Это что-то новое, совсем не то, что было раньше. Мне почему-то хотелось, чтоб это было просто повторением. Так что же? И почему сейчас? Не может быть. Какая нелепость. Я не...
Кровь закипала, звенела, проносясь по сужавшимся жилам, давление возрастало, я это чувствовал по грохоту в висках, по вибрации пульса. И странно — чем громче отстукивало сердце, тем более я слабел, как будто с каждым ударом от меня что-то откалывалось и я убывал.
Я успел свернуть к тротуару. Воздух, который жадно заглатывал, до легких не доходил. Что за ерунда. Смешно вспомнить — «один мужчина вел машину и перед светофором...». И надо же такому случиться именно сейчас. Когда мне только сорок семь. Вот уж не думал, что такое может случиться на обычном перекрестке. Если удастся открыть дверцу, тогда все в порядке. Только бы открыть дверцу.
Из зеркала на меня смотрело знакомое лицо пожилого человека с седеющими, всклокоченными волосами, морщинистое лицо с увядшей кожей. Нет, это не я. Не мог я так здорово сдать. Во мне еще столько сил. Да я еще... Сам понимал, что себя обманываю.
...Светило солнце, день был ясный, шли по-воскресному одетые люди, катили детские коляски, вели детишек за руки, несли детишек на руках и на плечах, девушка в цветастом платье шла, крепко взяв под руку парня, а ее косынка трепыхала на ветру, грузно ступала молодая беременная женщина. Неимоверная тяжесть вдавливала меня еще глубже в сиденье, но я, уцепившись за руль, пытался усидеть. Впереди стояла машина. В заднее стекло на меня пялил глаза мальчуган с веснушчатым носиком, с выпавшими передними молочными зубами. Лицо его мне показалось знакомым. Да. В самом деле. Давно ли. Давно ли. Невесть откуда перед стеклом машины появились две белые бабочки и заплясали, затрепыхались, поднимаясь все выше, навстречу солнцу.

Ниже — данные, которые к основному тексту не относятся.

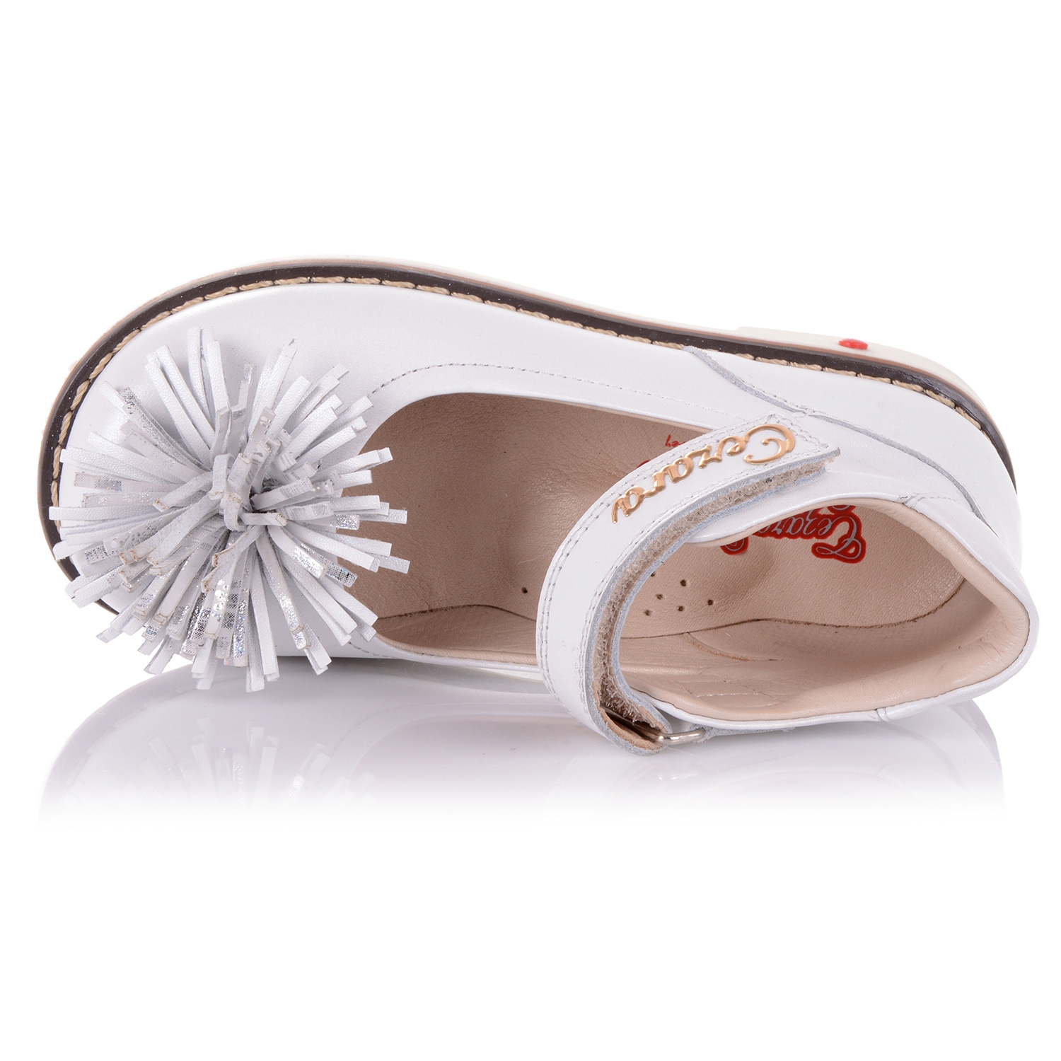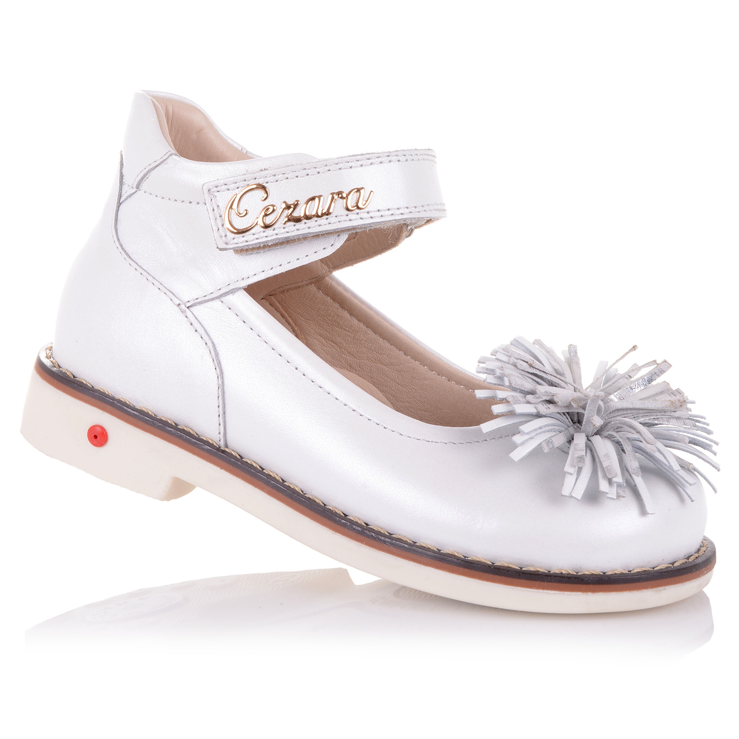 Шикарные ортопедические туфли турецкой фирмы Цезара из натуральной кожи белого цвета с оригинальным цветком лапша станут идеальным дополнением к образу вашей модницы! Удобная фиксация на липучку позволяет подобрать туфли на ногу разной полноты и высоты свода. Каблук Томаса с удлиненным внутренним краем обеспечит правильную постановку ноги. Анатомическая кожаная стелька с супинатором поддержит свод стопы и поспособствует здоровому развитию мышц. О фиксации голенища и щиколотки позаботятся укрепленные берцы и жесткий задник. А хрупкие суставы будут защищены от чрезмерных нагрузок благодаря амортизационной вставке. Одевая пару обуви такого качества, Ваш ребенок будет чувствовать себя комфортно и эксклюзивно. Соответствие размера: большемерят (возьмите на размер меньше).

...Что это за странные звуки — сумбурные, а в то же время ритмичные, словно перестук на ксилофоне, где-то я их уже слышал, только не припомню где, очень знакомые звуки, слышанные и забытые, очень давнишние, очень волнующие звуки. Сухой перестук приближался, это скакали лошади, две шеренги лошадей, до блеска начищенные, с распущенными гривами и пляшущими хвостами, высверкивали подковы, звенел булыжник, выгнутые шеи то опускались, то поднимались. Всадники — девчонки и молодые люди — были в черных фраках и белых бриджах, на руках белые перчатки, на голове лоснящиеся цилиндры, роскошная кавалькада торжественно проскакала мимо. Я впивался глазами в каждую лошадь, в каждого всадника. Замыкал кавалькаду пожилой мужчина с жестким лицом ветерана.
Часы показывали две минуты пятого. Я опустил боковое стекло. Машины впереди уже не было. Со мной все в порядке, только лень было двигаться. На той стороне улицы увидел автомат с газированной водой. Сделав круг, подъехал к нему, вылез из машины. Ноги зудели. Выпил два стакана шипучей жидкости. Потом сел в машину и поехал, пока не увидел небольшой скверик — старые тенистые деревья, песочница, скамейки. Пахнуло ласковым запахом сена. Газон высотою в ладонь был скошен. Трава лежала увядшими рядками, источая ароматы заливных и приозерных лугов.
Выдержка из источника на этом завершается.